As Purple Haze enters the UK single chart, Jimi Hendrix sells a blue-white Stratocaster guitar at Selmer’s Music Store, Charing Cross Road, London, UK. Paul Kossoff, later to form Free, is working as a sales assistant in the shop. In the evening, The Jimi Hendrix Experience (billed as Jimmi Hendrix Experience) plays at The Guildhall, Southampton, earning a fee of £175.

Full article:

Paul Kossoff : He had an odd look about him and smelled strange. He started playing some chord stuff like in Little Wing, and the salesman looked at him and couldn’t believe it. Just seeing him really freaked me out. I just loved him to death.

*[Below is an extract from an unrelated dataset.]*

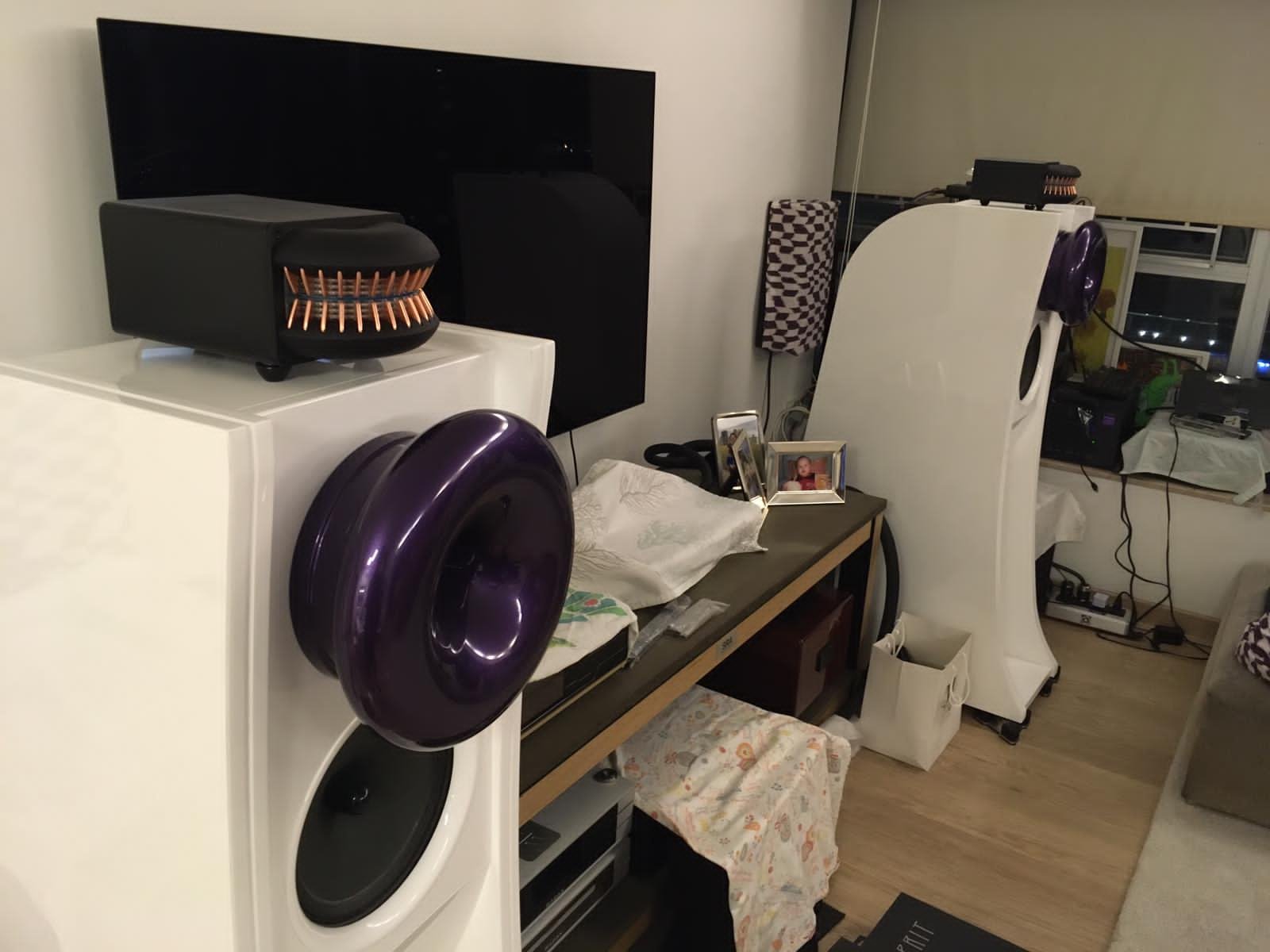 С пищалками нужен именно равномерный круг. Желательно, с преобладанием заднего излучения. А вот следующую вниз полосу можно из моих любимых бесфланцевых 76 мм купольников набрать. По 12 шт на канал, две "гайки" дапполитно.
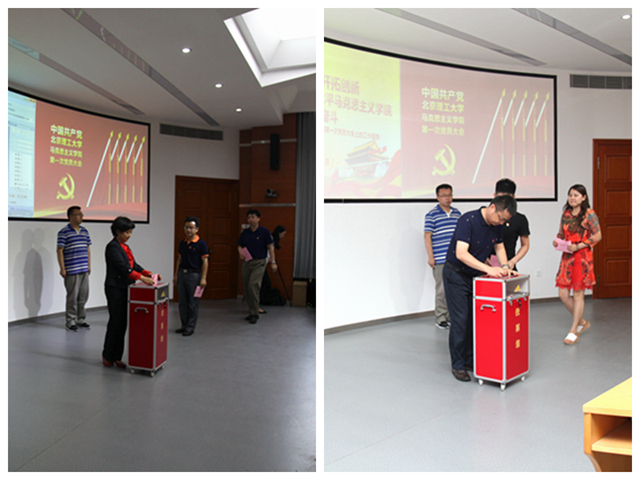 大会进行了党总支委员会委员的选举工作。表决通过了《中国共产党beat365中文官方网站马克思主义学院党员大会选举办法》,表决通过了总监票人、监票人和计票人名单。在总监票人张毅翔同志的主持下,大会进行了无记名投票的差额选举,选举学院第一届党总支委员会委员,李德煌、李林英、郭丽萍、杨才林、刘宇等五名同志当选。

He was my hero.
(Source : Guitar Player, 1976, interview by Steven Rosen)

Oliver Keen (musician) : I got a telephone call from Harry Moore, then manager of Selmer's music shop, Charing Cross Road, London, UK. On arriving in the shop, Harry told me they had just got a second-hand Fender Stratocaster in the shop… 'Well,' he says, 'we even have the fellow who's trading it in as well.' Down to the back of the shop where the guitar section was we go. Harry introduces me to Chas Chandler … Chas in turn introduces me to Jimi. 'Play him a few bars,' says Harry. Jimi, dressed in a long black leather overcoat, strolls over to the amplifier, picks up this blue-white guitar and gives us all a blast of some blues… Here was Jimi Hendrix, helping to sell his own guitar, and he did. I signed the hire purchase form. Total cost eighty-nine pounds sterling.
(Source : http://www.jimihendrix-lifelines.net/photos-11/photos-42/styled-167/index.html)

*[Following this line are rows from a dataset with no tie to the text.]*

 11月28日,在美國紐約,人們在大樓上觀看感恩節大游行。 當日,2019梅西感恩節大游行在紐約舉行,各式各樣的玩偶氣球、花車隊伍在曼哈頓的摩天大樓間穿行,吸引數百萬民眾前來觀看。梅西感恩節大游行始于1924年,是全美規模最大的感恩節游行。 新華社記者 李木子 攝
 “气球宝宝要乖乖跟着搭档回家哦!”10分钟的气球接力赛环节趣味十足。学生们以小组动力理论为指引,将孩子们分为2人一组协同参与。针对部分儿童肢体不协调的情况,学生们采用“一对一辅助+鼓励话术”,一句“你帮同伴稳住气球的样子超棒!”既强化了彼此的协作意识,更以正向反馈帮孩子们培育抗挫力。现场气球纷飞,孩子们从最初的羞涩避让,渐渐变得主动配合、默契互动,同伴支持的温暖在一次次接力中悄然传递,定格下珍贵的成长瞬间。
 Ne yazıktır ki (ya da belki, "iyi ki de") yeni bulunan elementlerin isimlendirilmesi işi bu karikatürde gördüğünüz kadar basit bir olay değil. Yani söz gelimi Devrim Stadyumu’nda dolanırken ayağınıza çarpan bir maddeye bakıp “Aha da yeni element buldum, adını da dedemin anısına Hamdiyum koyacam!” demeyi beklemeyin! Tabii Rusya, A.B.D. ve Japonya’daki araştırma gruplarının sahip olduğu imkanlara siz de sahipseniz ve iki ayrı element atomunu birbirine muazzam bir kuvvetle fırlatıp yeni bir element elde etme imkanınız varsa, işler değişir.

Dave Gregory (guitarist, XTC) : I was fourteen years old, living in Purton, Wiltshire, I’d been playing guitar for about three months, when I first heard Hendrix.

At that time, our heroes were Eric Clapton and Jeff Beck. As far as we were concerned, these two Surrey boys were the best blues guitarists on the planet. I remember people telling me to go back and listen to Elmore James and Son House and Muddy Waters but they were clumsy old buggers and I wanted to listen to young men.

We didn’t have a tv until March 1967, and the first Top Of The Pops that I tuned into on our spanking new Bush black and white telly had The Jimi Hendrix Experience doing Purple Haze. It was like, "Oh my God, I thought I was getting on with this guitar thing." And here was this outlandishly-garbed man with his guitar upside down making these astounding noises which I thought was the most amazing thing ever.